Geography
- Location: Tupelo, Mississippi, United States
- Coordinates: 34°14′15″N 88°40′18″W﻿ / ﻿34.237436°N 88.671633°W

Organization
- Type: psychiatric hospital

Services
- Beds: 50

History
- Opened: April 1999

Links
- Website: www.nmsh.state.ms.us
- Lists: Hospitals in Mississippi

= North Mississippi State Hospital =

North Mississippi State Hospital (NMSH) is a 50-bed acute care mental hospital of the Mississippi Department of Mental Health located in Tupelo, Mississippi.
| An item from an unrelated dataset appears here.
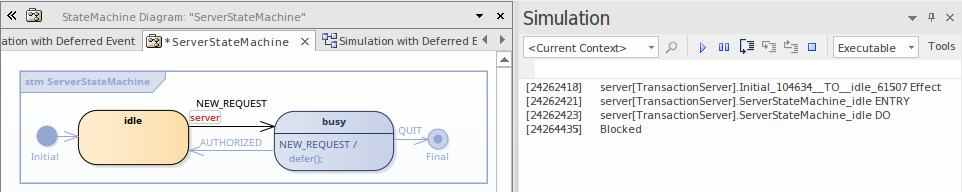- Double-click on NEW_REQUEST in the Simulation Event window to execute it as the Trigger; idle is exited and busy is activated.

In 1995 the Mississippi State Legislature passed House Bill 960, authorizing the construction of NMSH. The groundbreaking ceremony occurred on Thursday, December 19, 1996. The hospital opened in April 1999. NMSH was the first state-operated psychiatric facility to open in over 100 years prior to 1996.

The hospital, with about 100 employees, is a regional facility. NMSH serves Alcorn, Benton, Calhoun, Chickasaw, Desoto, Itawamba, Lafayette, Lee, Marshall, Monroe, Panola, Prentiss, Pontotoc, Tate, Tippah, Tishomingo, and Yalobusha counties.